Llamaparse

LlamaParse Connector

This connector uses LlamaParse to extract text and structured data from various document formats including PDFs, images, and other document types.

 


Features

  • Document Parsing: Extracts text content from PDFs, images, and other document formats
  • Structured Output: Returns parsed content in markdown format
  • Multiple Input Types: Supports both tag-based document streams and document objects

Input

  • Data: Accepts a wide range of file or content types, including binary files, mixed media, or serialized formats

Outputs

  • Text: Outputs extracted text as markdown‑formatted content, preserving headings, lists, and paragraphs where available
  • Table: Outputs structured tables extracted from the document (markdown table format)

 


Configuration

The connector supports the following configuration options:
 Required Configuration
– `api_key` (string, optional): Your LlamaParse API key.

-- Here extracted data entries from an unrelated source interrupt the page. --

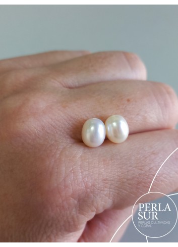 Pair 5-5'5mm Button Half drilled White Pair Button 5-5´5mm halfdrilled freshwater cultured pearls. Natural White Colour. Price per pair.
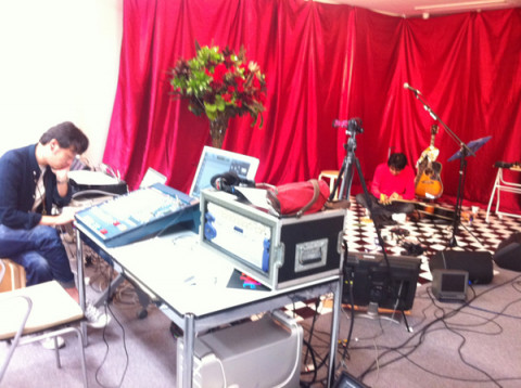 密かに困っている宇宙部の沢柳と、ギターの弦を張り直す田島貴男さん。
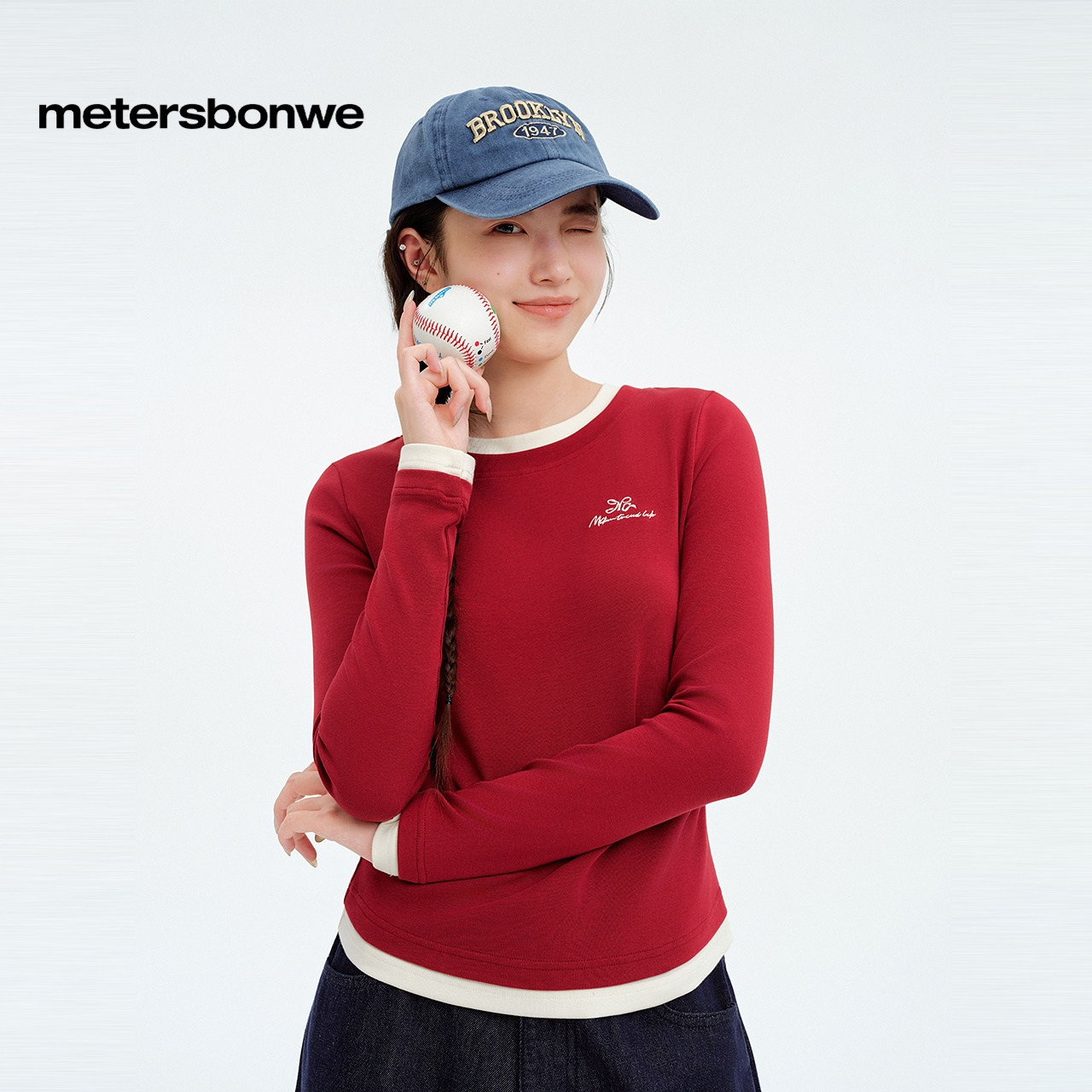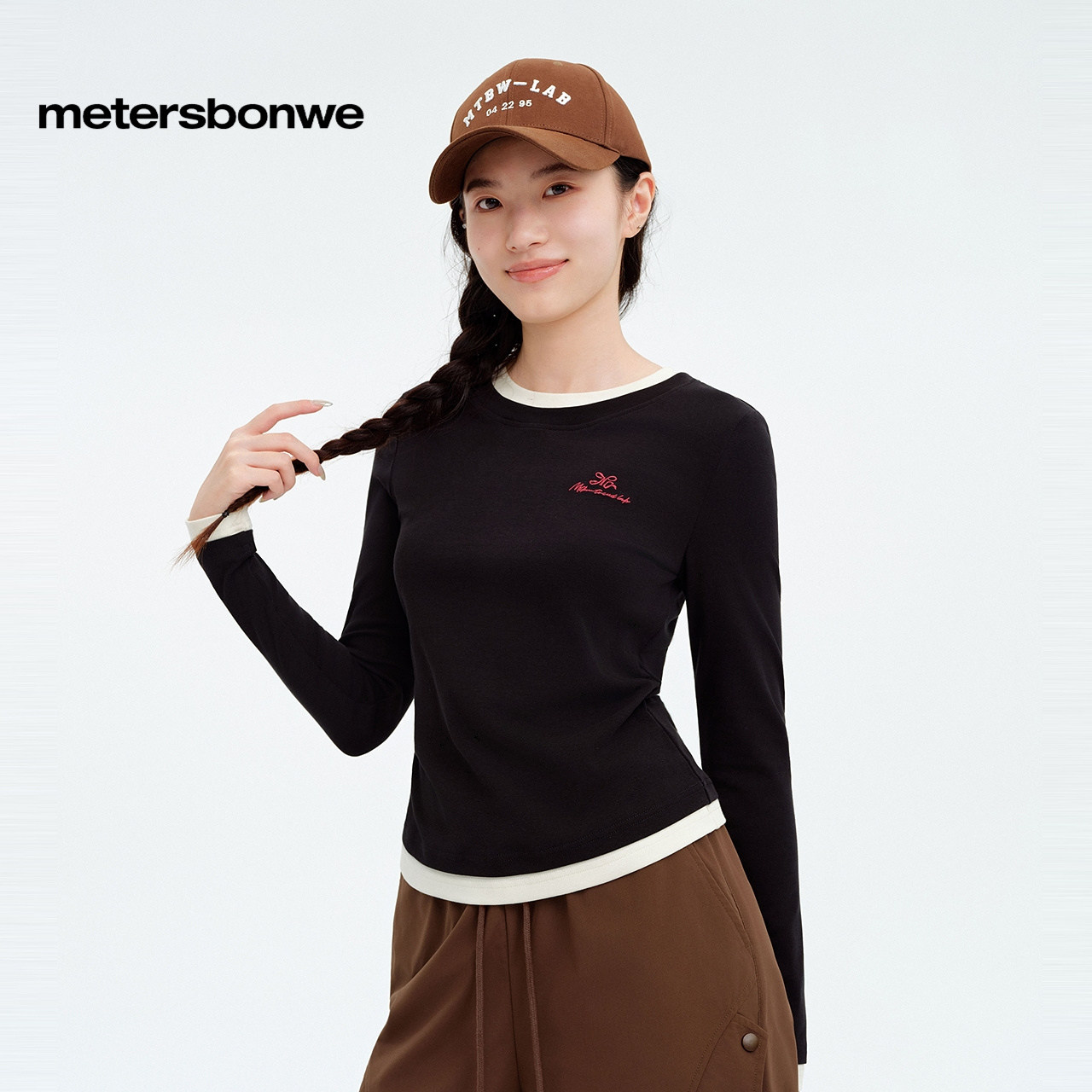 [商场同款]美特斯邦威女25秋冬新款修身假两件针织长袖T恤打底衫

If not provided, some features may be limited.

Simple Configuration

  • parse_mode (string, default: “cost_effective”): The parsing mode to use for document processing:
    •  cost_effective (3 cred./page): Best for text-heavy documents without diagrams and images
    • agentic (10 cred./page): Best for documents with diagrams and images, may struggle with complex layouts
    • agentic_plus (90 cred./page): Highest parsing setting for complex layouts, multi-page tables, diagrams, and images
    • parse_page_with_llm (Legacy): Legacy LLM-based parsing mode
    • parse_page_with_lvm** (Legacy): Legacy LVM-based parsing mode with additional configuration options
    • lvm_model  (string, optional): The LVM model to use when parse_mode is set to “parse_page_with_lvm”, “agentic”, or “agentic_plus”. Options include “anthropic-sonnet-4.0”, “anthropic-sonnet-3.5”, “gpt-4o”, “gpt-4o-mini”.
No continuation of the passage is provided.